И оба пляшут от души,
И оба вместе хороши…
 
   Мы трудились от души. Что же слепило нам глаза, что заставляло сочувствовать пятилетке, индустриализации, стахановскому движению, челюскинцам и пр. и т. д. и т. п.?» — «Подкуп», — бесстрашно отвечала Тамара. «Да какой же подкуп? Талоны в привилегированную столовую, где мы никогда не успевали пообедать, угорелые от сверхсильного труда? Мы жизнь свою жертвовали труду, а получали в награду выговоры с занесением в личное дело». — «Мы были подкуплены самым крупным подкупом, какой существует в мире, — отвечала Тамара, — свыше десяти лет нам хоть и со стеснениями, с ограничениями, а все-таки позволяли трудиться осмысленно, делать так и то, что мы полагали необходимым. Сократи нам зарплату вдвое, мы работали бы с не меньшим усердием. Индустриализация там или коллективизация, а грамоте и любви к литературе подрастающее поколение учить надо. Отстаивать культуру языка, культуру издания, художество, прививать вкус — надо. Вспомните, скольким прозаикам и поэтам — настоящим писателям, а не халтурщикам! — отворили мы двери в литературу и помогли утвердиться в ней!..»

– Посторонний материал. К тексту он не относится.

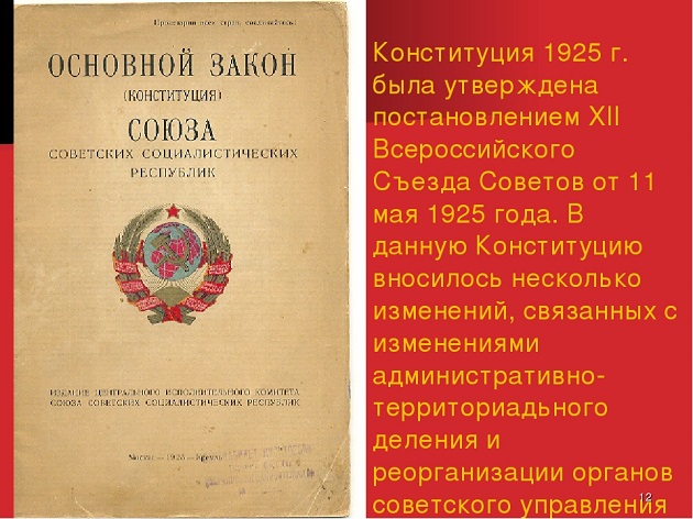 Утверждена Постановлением XII Всероссийского Съезда Советов от 11 мая 1925 года «Об Утверждении Конституции (Основного Закона) РСФСР». Её принятие обусловливалось вхождением РСФСР в состав новообразованного Союза ССР и приведением российского законодательства в соответствие союзному.
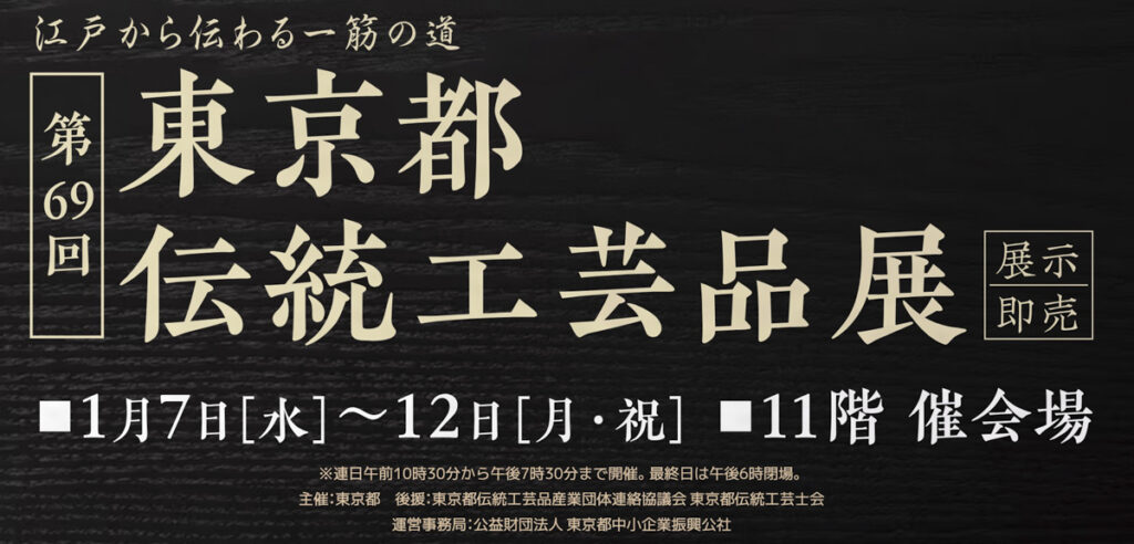 「新宿高島屋」11階催会場では、『江戸から伝わる一筋の道 第69回東京都伝統工芸品展』が2026年1月7日(水)より開催。詳細をご紹介します。
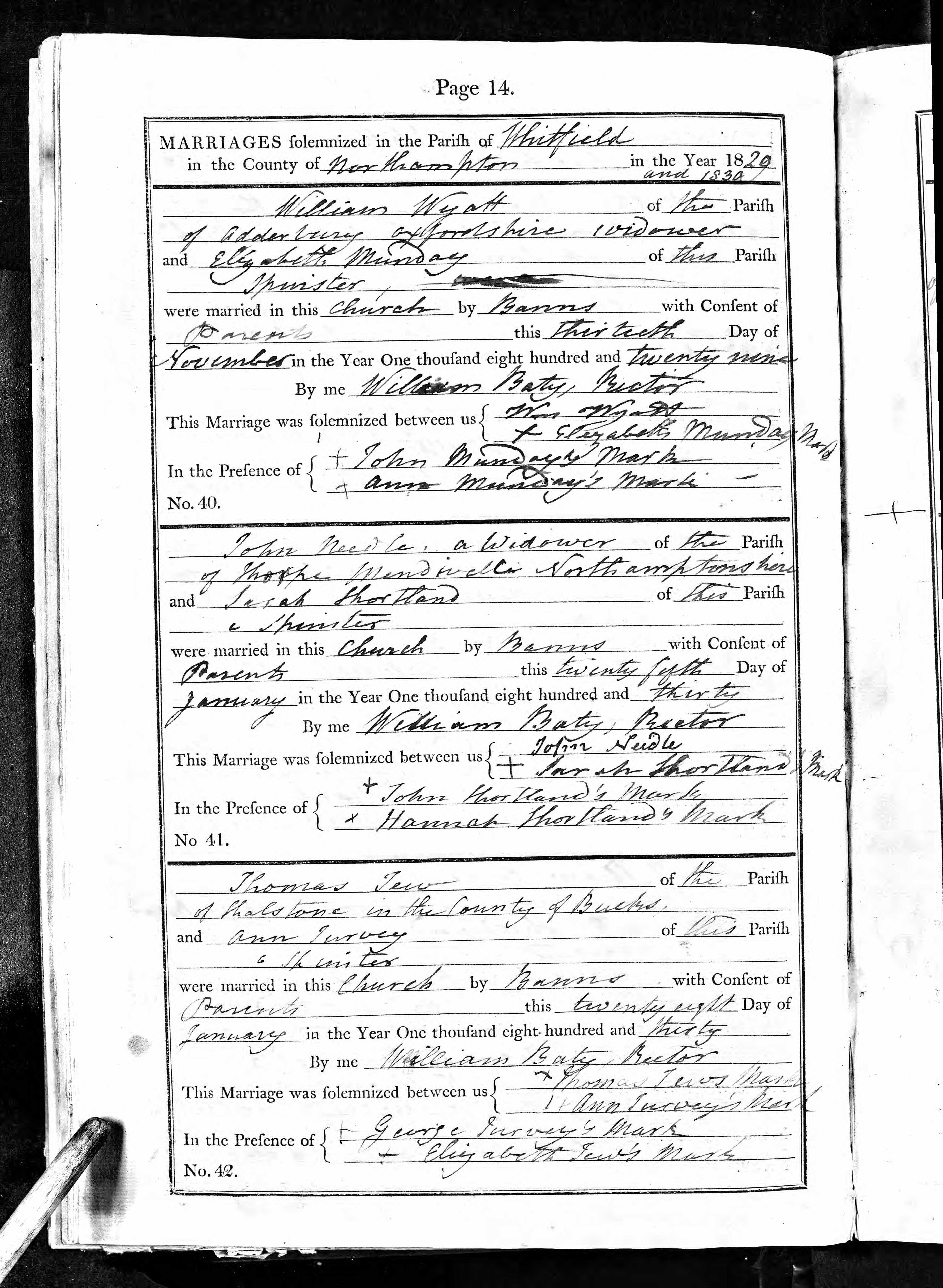 Parish Registers of St John the Evangelist, Whitfield, Northamptonshire; Marriage entry for Thomas Tew and Ann Turvey, 28 Jan 1830, Page 14, No 42.
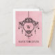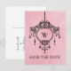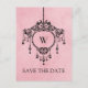 Élégante carte postale d'annonce de mariage à suspendre lustre vintage avec un lustre élégant suspendu sur un fond rose clair à l'aspect antique. L'élégance chic de ce design la rend parfaite pour annoncer votre mariage sophistiqué. Facile à personnaliser, ajoutez vos détails de mariage et initiale. Cliquez sur "Personnaliser" pour trouver plus d'options de personnalisation.
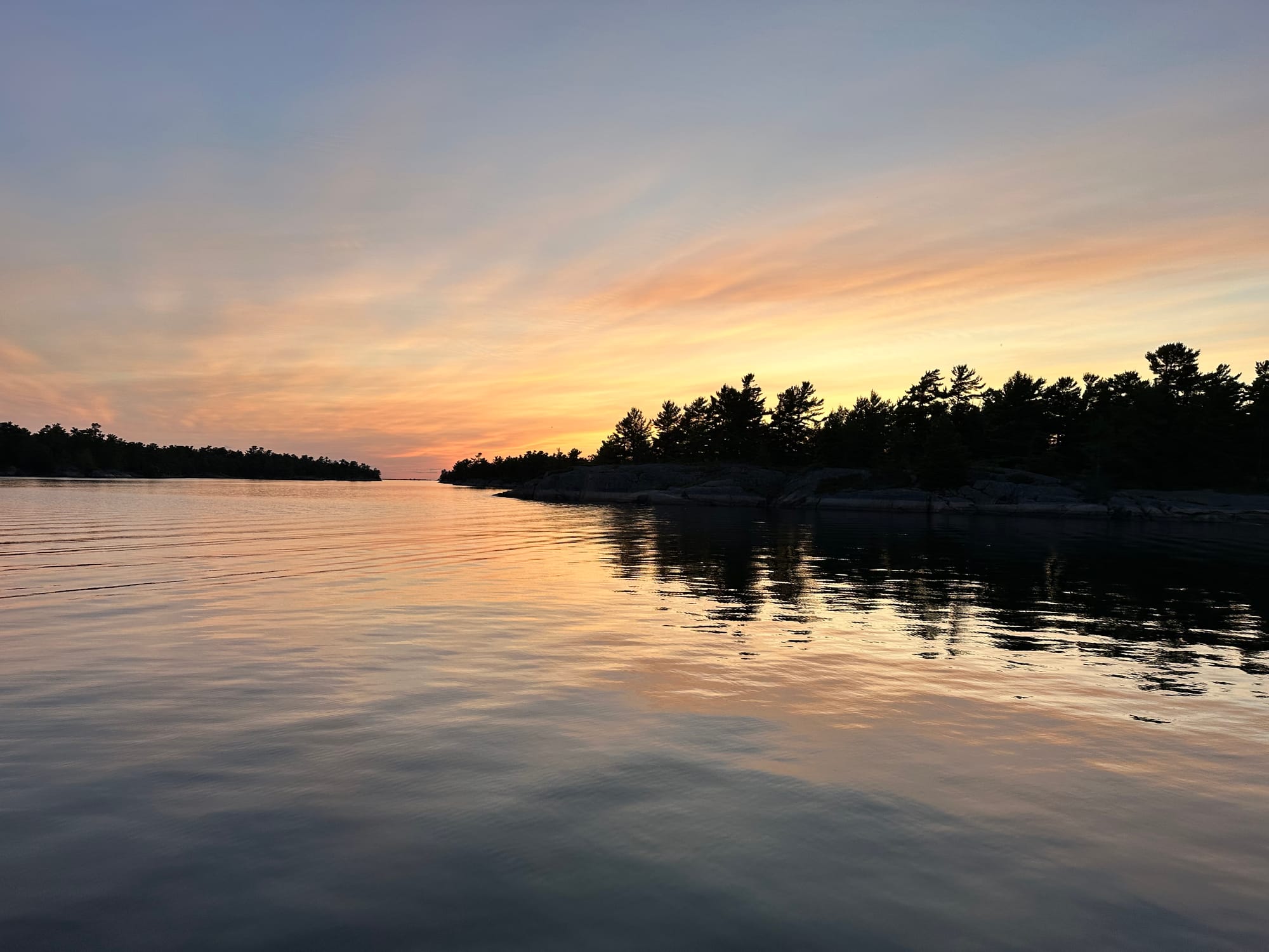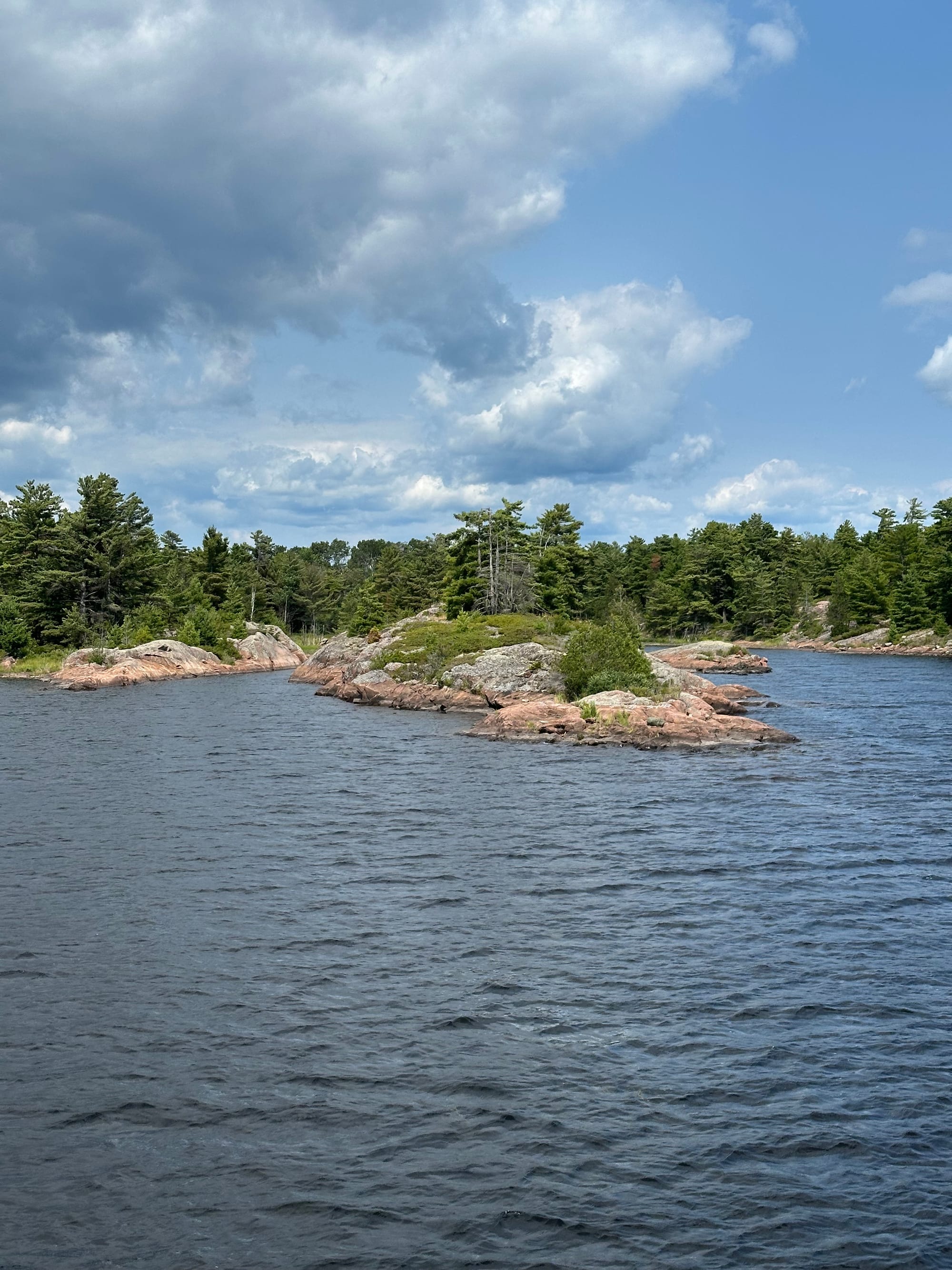 Mei said that when they were pulling up their anchor this morning, their prop hit stone and damaged it, so much, so that they were unable to use it; they traveled the whole day with just one engine running. They are now figuring out the logistics of getting a new prop (always good to have spares), fixing the existing one, hauling the boat to have it installed, a marina, etc. The life of boaters. Other than our encounter with Loopers in Half Moon, NY, this is the most Loopers we’ve encountered since then. It’s interesting listening to everyone’s experience they’ve had along the way. One couple had completed the Loop back in 2019 and were up here cruising the Georgian Bay for the season. Some cruisers take more than a year to complete the Loop because there are so many interesting places to explore and/or circumstances relating to family, medical issues, etc. tend to pivot their travels in other directions or waylay them.

   И Митю, и товарищей его, молодых физиков-теоретиков Советского Союза, теоретиков-первопроходцев, начальство подкупило тем же подкупом: до времени одаривало их возможностью делать в науке так и то, что они сами, физики, считали нужным, а препятствия чинило пустяковые. Институты в Ленинграде, в Харькове, международные съезды и конференции, «большая физика»… Велись, разумеется, всякие чиновничьи подкопы под наиболее талантливых, но теоретическая физика в Советском Союзе упорно продолжала расцветать, становилась вровень с европейской и американской. Вопреки Львову: он явно состоял на побегушках у начальства: с философских, с единственно истинно-научных, то есть марксистских позиций, не покладая пера, обрушивался он на «школку» и «группку» Ландау, причисляя к этой «группке» Бронштейна и приписывая «школке» — «протаскивание идеалистических буржуазных воззрений».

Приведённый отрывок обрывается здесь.